The second test was performed according to a standardized internal method, which is in principle comparable to the OECD TG 401 but did not follow GLP requirements (BASF, 1978). Since there were no mortalities, clinical signs or necropsy findings observed in male and female Sprague-Dawley rats dosed with 10000 mg/kg bw after a 14 d observation period, the acute oral LD50 is > 10000 mg/kg bw and the LD0 is >= 10000 mg/kg in rats.

 

Acute dermal and inhalation toxicity

No data were available for acute dermal or inhalative toxicity. Results from repeated dose studies with read across substance C.I. Pigment Yellow 53 (oral 90 d rat, inhalation 5 d rat) indicate no bioavailability for pigments.
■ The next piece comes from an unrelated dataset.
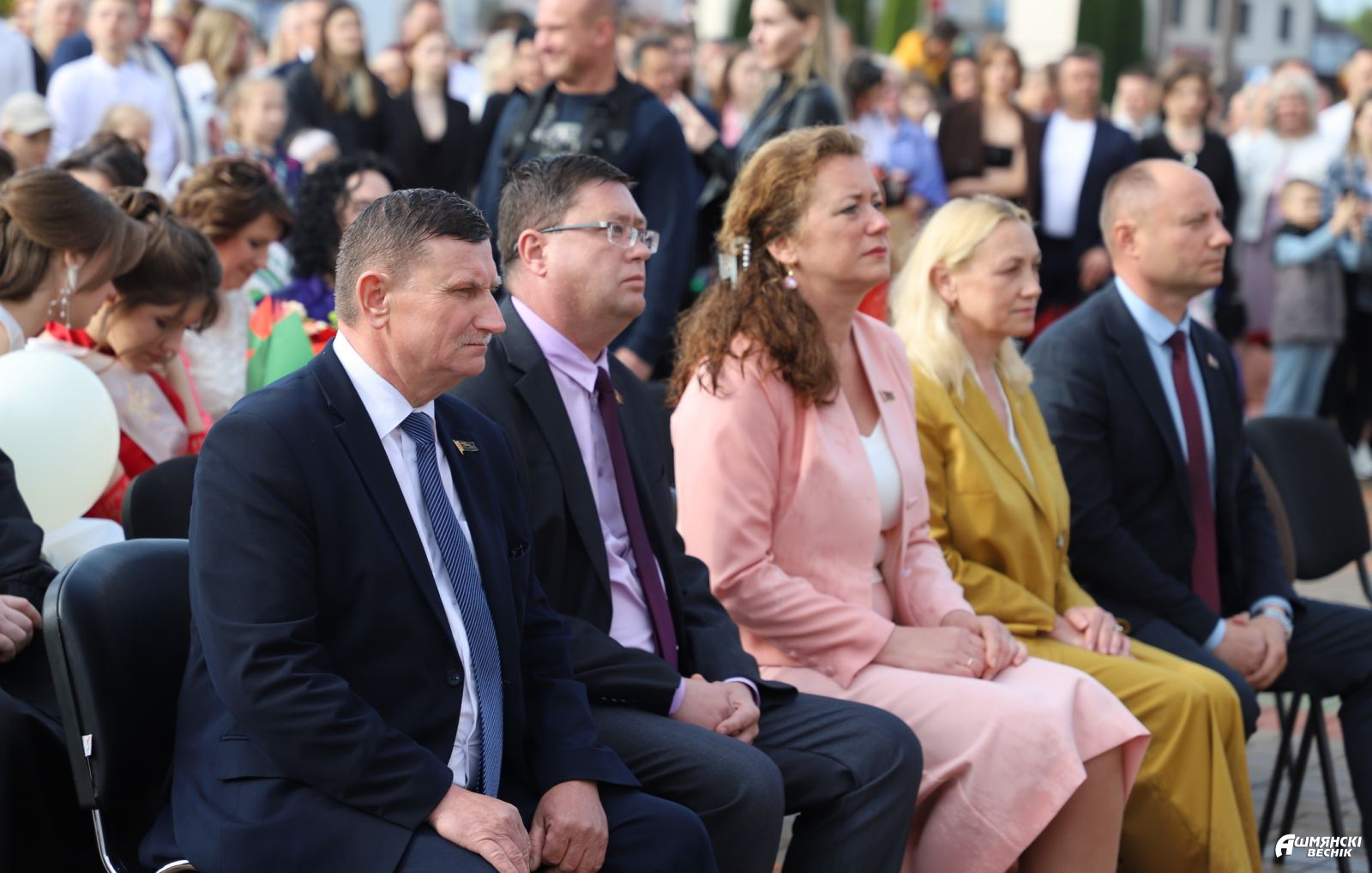 В празднике приняли участие и поздравили выпускников председатель Ошмянского райисполкома Владислав Гершгорин, председатель Ошмянского районного Совета депутатов Юрий Карпович, заместитель председателя Ошмянского райисполкома Анна Язель, начальник управления образования Светлана Барковская, представители духовенства и другие почетные гости.

Additionally, no leaching of metal ions was detected in a leaching study (see chapter 7.9.3) with C.I. Pigment Green 50. Therefore, the dermal exposure pathway is assessed as not relevant. For the inhalative exposure pathway, there are no indications for mechanical effects other than known from inert dusts, which were not relevant for acute toxicity.

 


Justification for selection of acute toxicity – oral endpoint
Guideline compliant study.

Justification for classification or non-classification

Dangerous Substance Directive (67/548/EEC)

The available studies are considered reliable and suitable for classification purposes under 67/548/EEC. As a result the substance is not considered to be classified for acute toxicity under Directive 67/548/EEC.

                               

Classification, Labelling, and Packaging Regulation (EC) No. 1272/2008

The available experimental test data are reliable and suitable for classification purposes under Regulation 1272/2008. As a result the substance is not considered to be classified for acute toxicity under Regulation (EC) No. 1272/2008.